In my view, the work of “developmental politics” has less to do with eradicating political dynasties and more to do with finding ways to make our political realities best work for us. Otto Von Bismarck put it quite lucidly: “Politics is the art of the possible, the attainable—the art of the next best.”
In the Philippines, the reality is that political dynasties are remarkably resilient. From the American colonial period, this kin-based political organization has survived phases of colonialism, democracy, authoritarianism and re-democracy. Still, what is more striking is not so much that political dynasties persist—as they do in both developed and developing countries—as that ours seem to have been enjoying their political and economic stature without the pressure to bring about national development. In contrast, political parties in Japan, Singapore, South Korea and China harbor political dynasties, but their longevity has been conditional to their success in “delivering the goods.” Worse, a big number of political clans in the Philippines have been associated with patronage, corruption and coercion as means to maintain their access to the state and, through it, gain economic entitlements.
It is therefore quite understandable why there is a strong clamor to purge Philippine politics of dynastic rule. To this end, two means have been proposed: One is to push for an enabling law that will give teeth to the antidynasty provision in the Philippine Constitution (Article II, Section 26); the other is to urge Filipinos to “vote wisely” by choosing alternative candidates.

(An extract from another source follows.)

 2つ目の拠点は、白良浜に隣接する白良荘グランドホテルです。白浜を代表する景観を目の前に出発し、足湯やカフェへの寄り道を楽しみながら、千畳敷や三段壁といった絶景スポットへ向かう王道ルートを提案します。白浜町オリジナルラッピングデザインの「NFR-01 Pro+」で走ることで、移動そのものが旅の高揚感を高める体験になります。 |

Yet, dynastic politics is unlikely to abate in the near future. Firstly, the legal solution propounded by civil society movements has little chance of prospering in Congress for obvious reasons. Secondly, Filipinos who vote for their dynastic mayor or governor are not necessarily doing so unwittingly, as some candidates may have a reputation for maintaining security, providing infrastructure development, and delivering public services, albeit alongside under-the-table activities. (In contrast, reformist candidates may not necessarily evoke the same positive memories in voters, however good their intentions and immaculate their track record.)
Thirdly, we must accept the reality that “not all good things go together” in democracies: Strengthening democratic processes (e.g., electoral and legislative processes) may only affirm the dominance of political dynasties, as the swift restoration of “old oligarchs” in the first post-Marcos elections easily reminds us.

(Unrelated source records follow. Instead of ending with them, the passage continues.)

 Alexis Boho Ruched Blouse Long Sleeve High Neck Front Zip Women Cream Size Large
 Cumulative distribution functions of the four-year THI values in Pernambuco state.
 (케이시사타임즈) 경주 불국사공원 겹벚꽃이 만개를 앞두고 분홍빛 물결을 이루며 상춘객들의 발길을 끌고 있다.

Realistically, therefore, dynastic rule is here to stay.
If so, what implication does this bear upon our political project? I think it should shift our priority from “How do we rid politics of dynasties?” to “How do we form a coalition of reform-minded dynastic politicians who can work toward national development and who can create a coherent development strategy?” The latter question (and challenge) is particularly relevant for the leadership of President Aquino.

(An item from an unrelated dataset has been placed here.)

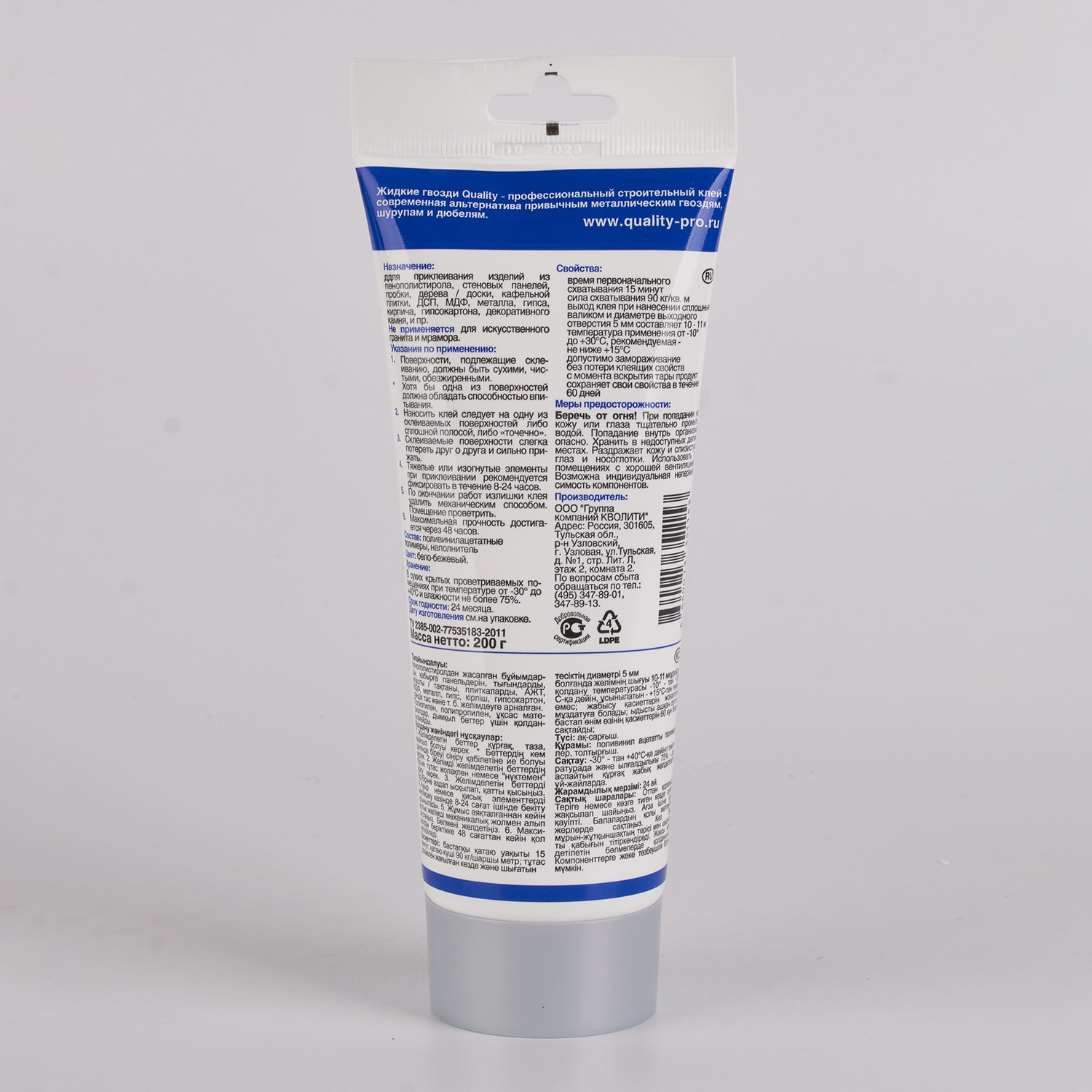 Жидкие гвозди 200 г Quality, универсальный, белый

Unfortunately, there is no exact formula for addressing the challenge. What is certain, however, is that leadership plays an important role in building coalitions, particularly for overcoming the problem of lack of coordination among our politico-economic elites who are unable to work together in the creation and enforcement of rules needed for development (e.g., rules for industrial upgrading, agricultural financing, land reform).
Alfred McCoy put it more strongly when he wrote that Philippine politics suffers from “an anarchy of families”—indeed, “anarchy” articulates better the problem of Philippine politics more than the mere existence of powerful surnames.
Mr. Aquino’s leadership is important in two ways. First, in the immediate future, he must engage reform-oriented clans both nationally and locally with whom he can build a coalition to push for much needed legislation, such as the Freedom of Information Bill and the amendment to the current mining and landownership law (might the successful passing of the “sin tax” bill be indicative that he is learning how to do this?). Second, for the long haul, he must rebuild his own Liberal Party in a way that articulates a clear developmental vision, exercises discipline among its members, and mobilizes a wider constituency while accommodating powerful families in the party-building process.
In both endeavors, seeking dynastic cooperation is imperative, as they have the political and economic resources to block or support institutional changes.
Following Bismarck’s principle, to make these proposals is not to concede defeat; rather, it is to work with a sense of aspiration that is rooted in reality.
Arnil Paras holds a master’s degree in political economy of late development from the London School of Economics, where he is now pursuing a doctorate degree in development studies.